Update on investment in 3Legs Resources plc

RNS Number : 5452E
Vela Technologies PLC
04 November 2015
 



Vela Technologies plc

("Vela" or the "Company")

Update on investment in 3Legs Resources plc

Vela Technologies plc (AIM: VELA), the investing company focused on early stage and pre-IPO disruptive technology investments, notes the announcement released earlier today by 3Legs Resources plc ("3Legs").

As at the date of this announcement Vela holds 23,500,000 shares in 3Legs which represents 3.80 per cent. of the existing voting rights of 3Legs.

Vela's shareholding in 3Legs has been acquired at an average price of 0.213 pence per share for a total consideration of approximately £50,090.

3Legs is an Isle of Man incorporated investing company whose shares are traded on AIM. The investing policy of 3Legs is to seek to invest in and/or acquire companies within the life sciences and related technologies sector.
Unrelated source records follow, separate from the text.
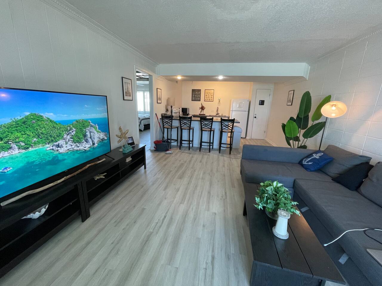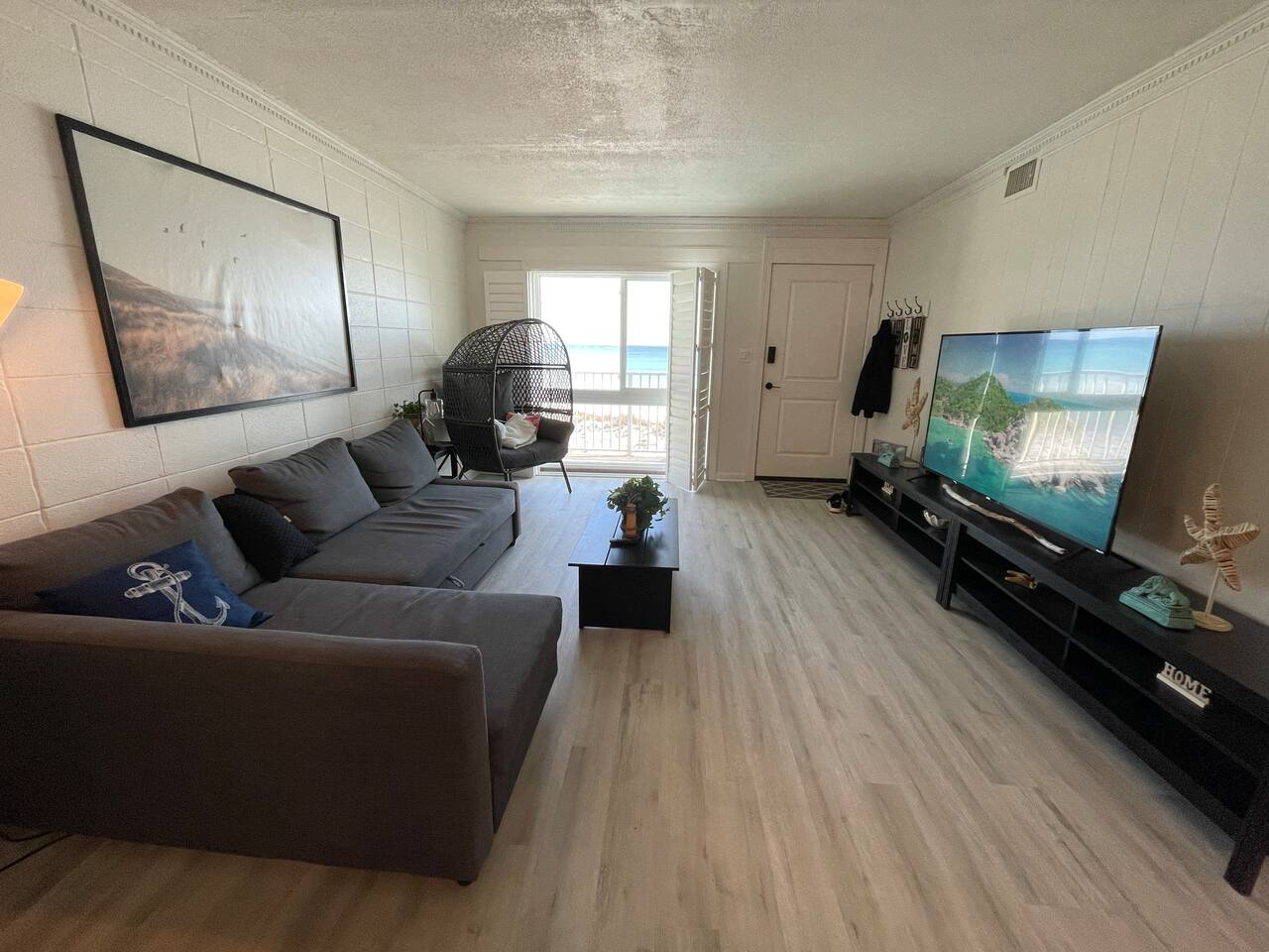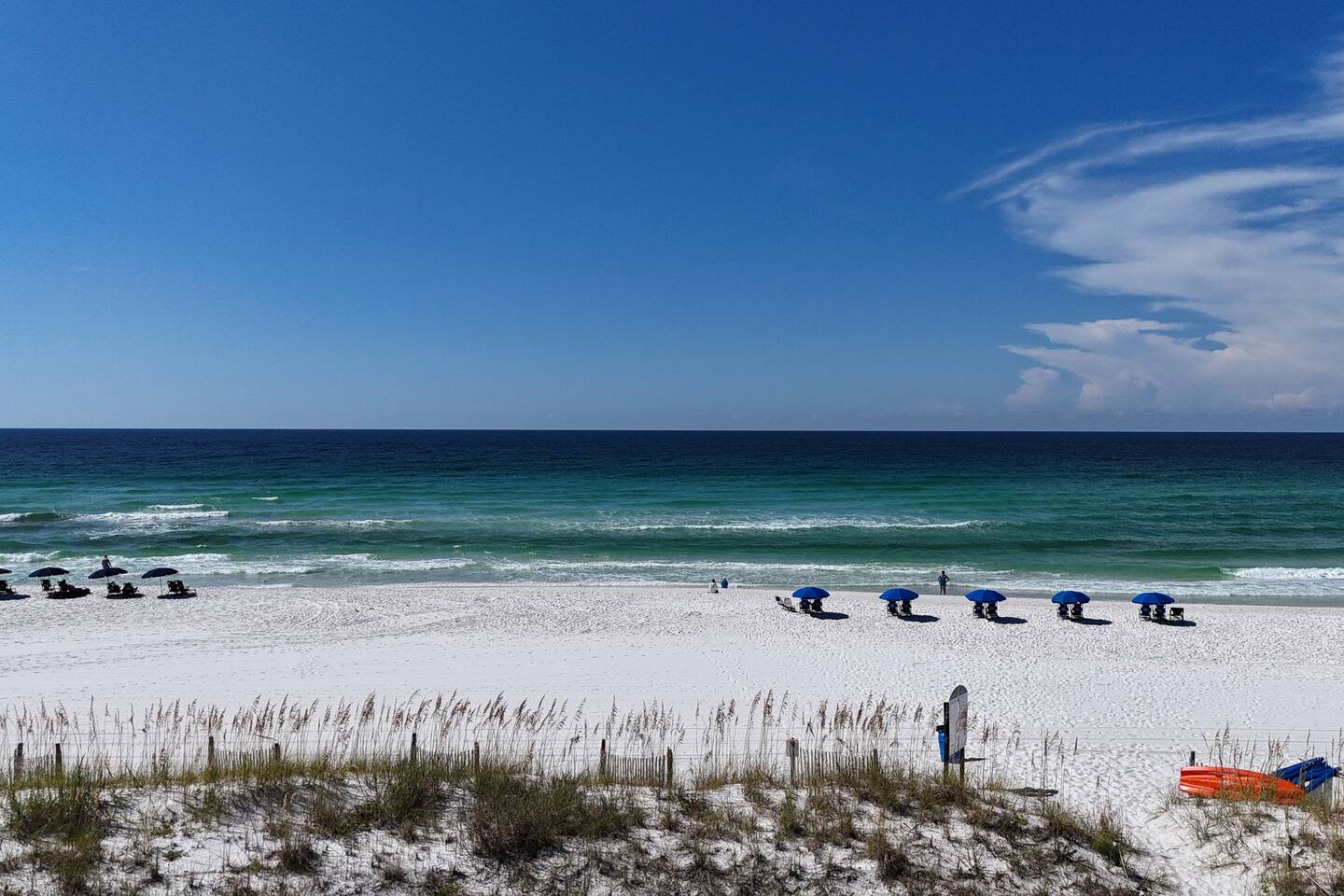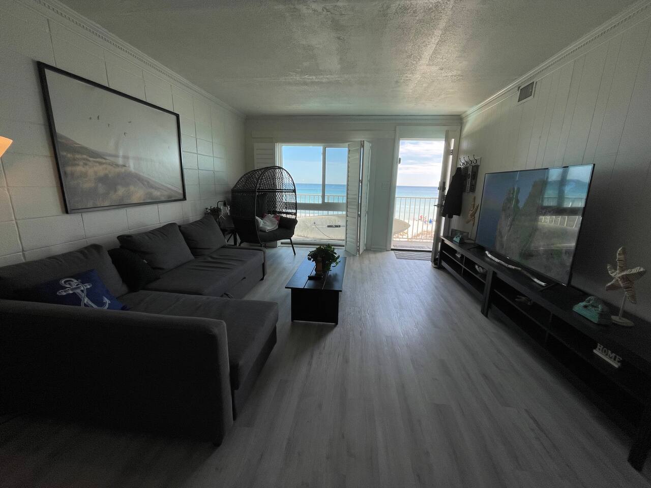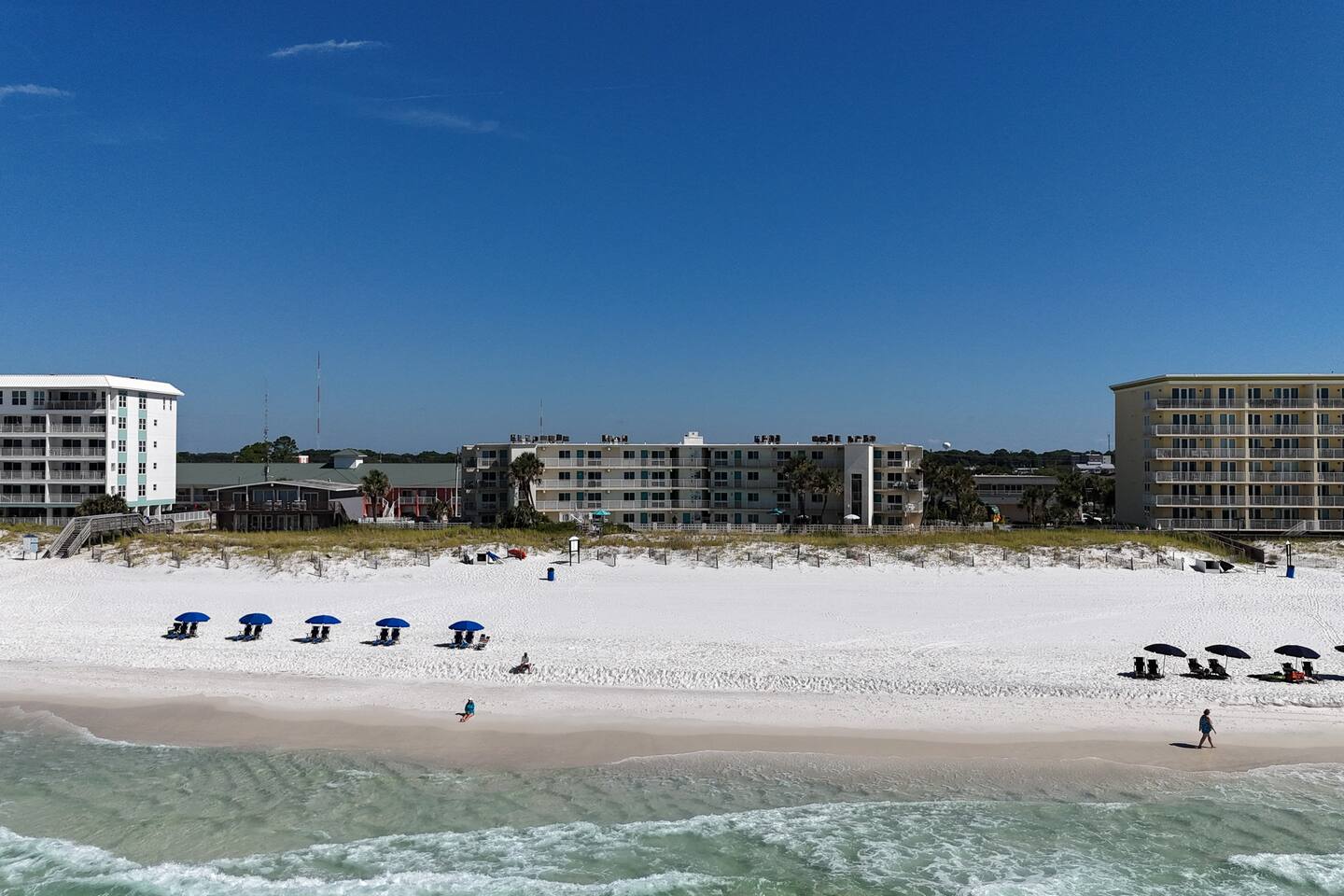 Inside you will find welcoming spaces accented with modern furniture, tasteful decor, and plenty of space to help you unwind. The living room and front bedrooms have beach-front views. Kitchen comes equipped with your standard amenities such as a dishwasher, stove, and sink. As well as plates, cups, pans, pots, and cutlery. Initial basic toiletries are included. Toiletries are not replenished during the stay. Towels and linens are provided but not replaced daily. Additional housekeeping services provided at a cost. The facilities include a beach front pool, BBQ grill, and beach chair rentals (guest can rent directly from beach service). This property is directly on the beach. It is conveniently located within walking distance of a shopping, restaurants, and only a 5 mile drive to Destin proper.
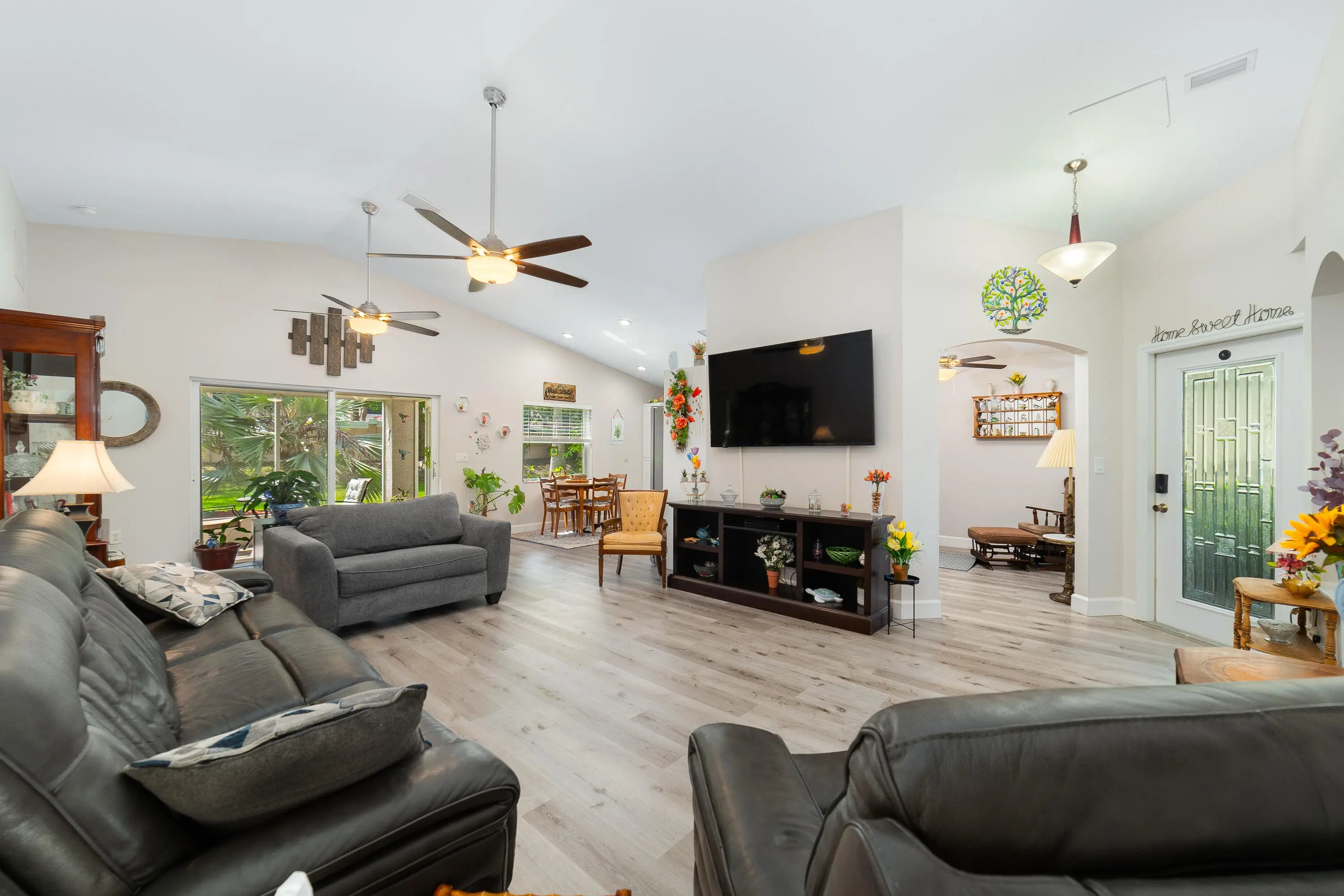 Welcome to this charming 3-bedroom, 2-bathroom, 2-car garage home located in a highly desirable gated community. This residence offers a warm and inviting atmosphere with a thoughtfully designed layout perfect for both everyday living and entertaining. Inside, you'll find tile flooring throughout the main areas, providing both durability and easy maintenance, while the bedrooms feature comfortable flooring for a cozy retreat. The spacious living areas flow seamlessly into the private back patio, ideal for relaxing or enjoying outdoor dining in a peaceful setting. Recent upgrades add exceptional value, including a brand-new roof in 2024 and a new AC system in 2023, giving you peace of mind and energy efficiency for years to come. The property is nicely landscaped with excellent curb appeal, offering a welcoming first impression the moment you arrive. The gated community is open to all ages and provides an added sense of security and comfort, making it a wonderful place to call home. With its prime location, recent updates, and inviting design, this home is a fantastic opportunity for anyone seeking comfort and convenience in a vibrant community.
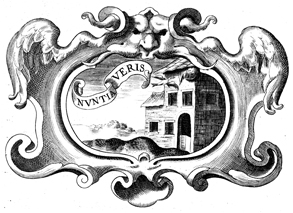 Description: A copper plate engraving with the image of a bird returning to its nest, located on the top right corner of the building. The coat of arms and engravings in this book were designed by Silvestro Pietrasanta (1590-1647).
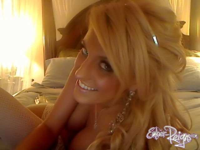 Classy blonde babe Ember Reigns strips on the bed and teases in white lingerie.
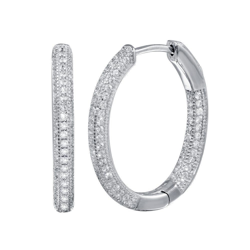 925 Rhodium Plated Inside Out CZ Oval Hoop Vault Lock Earrings
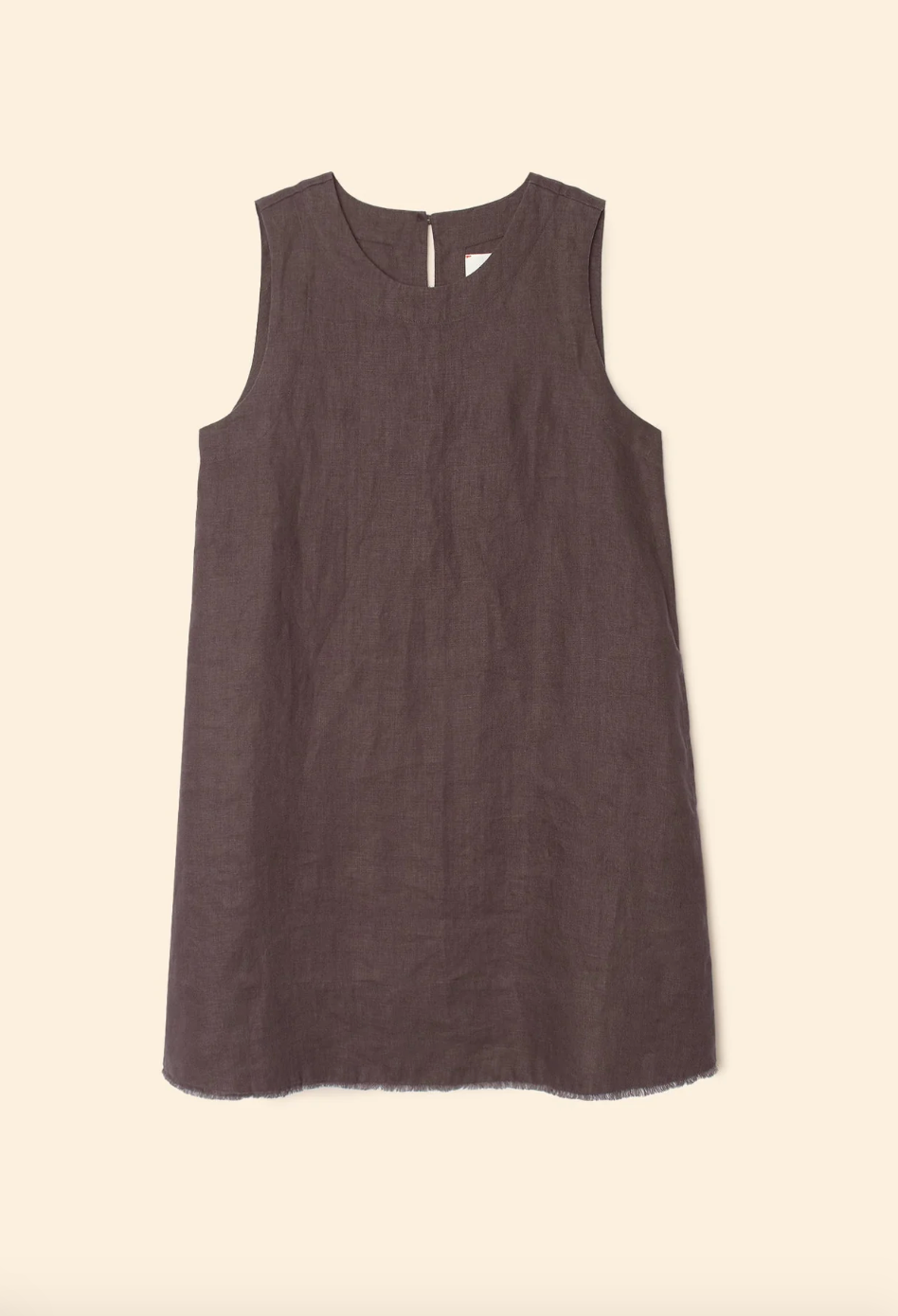 This sleeveless shift dress is designed from 100% lightweight linen. A classic design featuring a round neck, raw edge hem, side seam pockets, and a keyhole button-back.
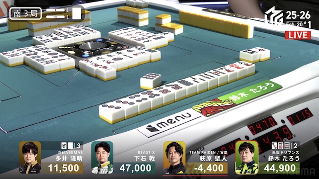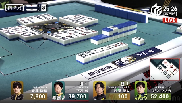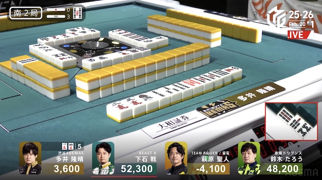 南2局、親で2着目の下石が先制リーチで、4着目の萩原は二副露で、互いにテンパイを入れてめくり合う。しかし、萩原は下石への危険牌を持ってきてオリを選択。流局となった。続く南2局1本場、供託が1本ある。トップ目のたろうが5巡目に先制リーチをかけると、2着目で親の下石が12巡目に追いかけリーチで対抗。最後は下石がたろうからロンアガリ。7700は8000を直撃し、トップをめぐる争いが激化する。
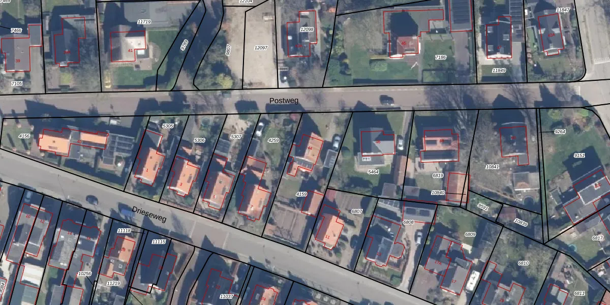 Het perceel waarop Postweg 44 staat heeft een oppervlakte van 715 m². Dit is een groot perceel. De perceeloppervlakte wordt geregistreerd door het Kadaster. Gedetailleerde informatie over de maten van dit perceel kunt u vinden in het rapport Kadastrale kaart met maatvoering van Postweg 44.
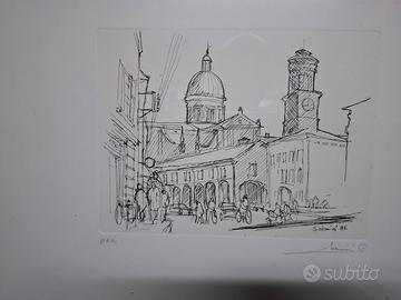 PDA di Dante Salamini (1932-2000) è stato un artista, incisore, designer e pubblicitario di Reggio Emilia, noto anche come pittore e acquerellista. Ha realizzato molte illustrazioni, specialmente paesaggi urbani e montani, con diverse tecniche come olio, acquerello e incisione, e ha usato il suo talento a beneficio del Circolo Tennis di Canali e per i "Quaderni dell'Ermellino". Dimrnsioni 50x36, con cornice 54x40

As announced today 3Legs has recently signed non-binding heads of terms in connection with the proposed acquisition by 3Legs of SalvaRx Limited ("SalvaRx"), a company in which 3Legs owns an 11.1 per cent. shareholding.  On 30 September, 3Legs reported that it had subscribed £215,000 for new shares in SalvaRx in conjunction with a subscription for the same amount by Jim Mellon and Greg Bailey, both directors and substantial shareholders of 3Legs. 

A copy of 3Legs's announcement is below and a link to the 3Legs announcement can be found at: http://www.londonstockexchange.com/exchange/news/market-news/market-news-detail/12567318.html 

For further information please contact:

Vela Technologies plc


Brent Fitzpatrick, Non-Executive Chairman

Antony Laiker, Director

 

 

Tel: +44 (0) 7802 262 443

 

Allenby Capital Limited

(Nominated Adviser)


Nick Athanas/Katrina Perez/James Reeve

 

Vicarage Capital Limited

(Broker)

Rupert Williams/Jeremy Woodgate

 

 

Tel: +44 (0) 20 3328 5656

 

 

 

Tel: +44 (0) 20 3651 2910

 

3Legs Resources plc

("3Legs" or the "Company")

Proposed Acquisition and Suspension of Trading

3Legs announces that, in accordance with Rule 15 of the AIM Rules for Companies ("AIM Rules"), the Company's shares have been suspended from trading on AIM from 7.30 a.m. today as a result of the Company not having completed an acquisition which constitutes a reverse takeover under the AIM Rules, or otherwise implemented its investing policy within 12 months of becoming an investing company.  The Company is actively working to implement its investing policy and the Board is pleased to provide the following update.     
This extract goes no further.